TEOLOG NAJBLIŻSZY ŻYCIU
Jeżeli dobra teologia nie może być jedynie teorią i czysto intelektualnym wysiłkiem ludzkiego umysłu, lecz musi być bliska codziennemu życiu, to teologię kardynała Gerharda Ludwiga Müllera można określić jako teologię najbliższą życiu. Po zakończeniu wykładów i akademickich dysput profesor Müller wyjeżdżał w przerwach semestralnych z Monachium przez ponad czternaście lat do najuboższych wiosek peruwiańskich Andów i do dzielnic slumsów Limy, La Paz czy Sao Paolo, dzieląc życie przez osiem tygodni z najuboższymi ludźmi. O tym doświadczeniu sam wyznaje: „Dla mojego własnego teologicznego rozwoju to odwrócenie kolejności od teorii do praktyki, w kierunku potrójnego kroku: ‘widzieć-oceniać-działać’ okazało się decydujące”[1]. Teologiczne myślenie monachijskiego Profesora zmieniało się i kształtowało przez bezpośredni kontakt ze skrajnym ubóstwem, kiedy sypiał na udeptanej stopami gliniastej glebie w prymitywnych chatkach Campesinos, kiedy znosił niewygody związane z pchłami i świnkami morskimi, kiedy jadał pospolitą zupę ziemniaczaną i kukurydzę na parze, kiedy doświadczał całkowitego braku opieki lekarskiej, elektryczności i toalet. Na bazie tego doświadczenia poznanie misterium wcielonego Słowa, które stało się człowiekiem i zamieszkało między nami (por.

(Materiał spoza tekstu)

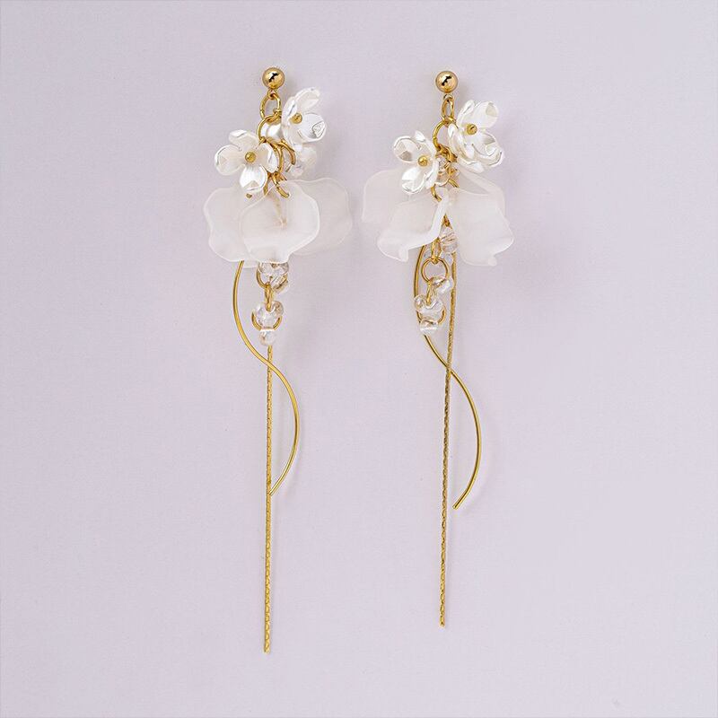 上品さと可愛らしさが見事に調和した、フラワータッセルピアスイヤリング!お花モチーフのデザインは、華やかさとシンプルさを兼ね備え、どんなスタイルにもマッチします。大きめのフラワータッセルとチェーンが耳元を華やかに演出し、日常使いから特別な日まで、幅広いシーンで活躍するアイテムです。選べる2タイプのデザインで、あなた好みのスタイルを楽しめます!

J 1,14), misterium Trójjedynego Boga, który jest miłością (por. 1J 4,8.12) objawionego przez Jezusa, misterium Kościoła i poznanie wszystkich innych tajemnic chrześcijańskiej wiary pogłębiało się i umacniało.

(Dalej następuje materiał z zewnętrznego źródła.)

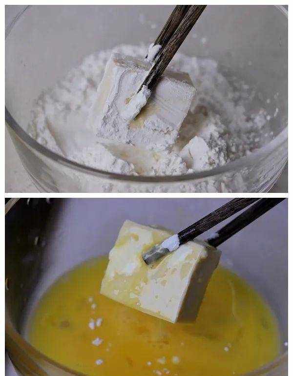 把切好的豆腐先放進碗裡均勻地裹上面粉,然後再放到雞蛋液裡面滾上一圈。

Wchodząc w życie najuboższych kardynał Müller poświadcza, że do zrozumienia Jezusa Chrystusa i Jego Ewangelii nie wystarczy czytanie Pisma Świętego i książek. Potrzebny jest także bezpośredni kontakt z ubogimi i wejście w ich świat, jak uczynił to wcielony Syn Boży stając się dla nas ubogim, aby nas swoim ubóstwem ubogacić (por. 2Kor 8,9). Jeżeli Objawienie Boże dokonywało się poprzez konkretne historyczne wydarzenia i sytuacje życiowe, to także dzisiaj dociera ono do każdego z nas i staje się zrozumiałe poprzez konkretną ludzką rzeczywistość, poprzez wejście w ludzki świat, zwłaszcza w świat ludzi ubogich, z którymi najbardziej jednoczy się wcielony Syn Boży. Oczywiście taka teologia, którą można nazwać teologią najbliższą życiu, musi powalać na kolana, czyli musi stawać się teologią na kolanach, ponieważ wejście w świat najuboższych i dzielenie ich życia wymaga Bożego światła i mocy.
TEOLOG W KOŚCIELE
Kongregacja Nauki Wiary w instrukcji Donum veritatis z roku 1990 przypomniała, że wśród wielu powołań wzbudzanych przez Ducha Świętego w Kościele wyróżnia się powołanie teologa (nr 4). W myśl tego dokumentu, teolog nie wykonuje swojej pracy sam, w pojedynkę i w oderwaniu od wspólnoty, ale włączony jest w misterium komunii całego Kościoła. Dlatego „teologowie, na mocy właściwego im charyzmatu, uczestniczą w budowaniu Ciała Chrystusa w jedności i w prawdzie”[2]. Można przypuszczać, że poczucie powołania w Kościele jako teologa pozwoliło kardynałowi Müllerowi przybliżyć się do niezwykłej postaci kardynała Johna Henriego Newmana, którego nazywa on ojcem Kościoła czasów nowożytnych. Głębokie studium jego życia i twórczości z okazji beatyfikacji Newmana zaowocowało wspaniałym dziełem pod tytułem: „John Henry Newman”[3], w którym Kościół zostaje ukazany na nowo jako głosiciel prawdy i skuteczne narzędzie niewidzialnej łaski (por. 1Tm 3,15). Newman, a za nim Müller wykazują, że Kościół pierwszych chrześcijan zachowuje swoją tożsamość i kontynuację w nauczaniu, w sakramentach i duchowym życiu wiernych w Kościele katolickim. Wobec przejawów agresywnego sceptycyzmu i wojującego ateizmu Pan Bóg nie pozostawia ludzkości samej sobie, lecz daje jej narzędzie w postaci autorytetu Kościoła, przekazującego niezmienne prawdy wiary i moralności[4].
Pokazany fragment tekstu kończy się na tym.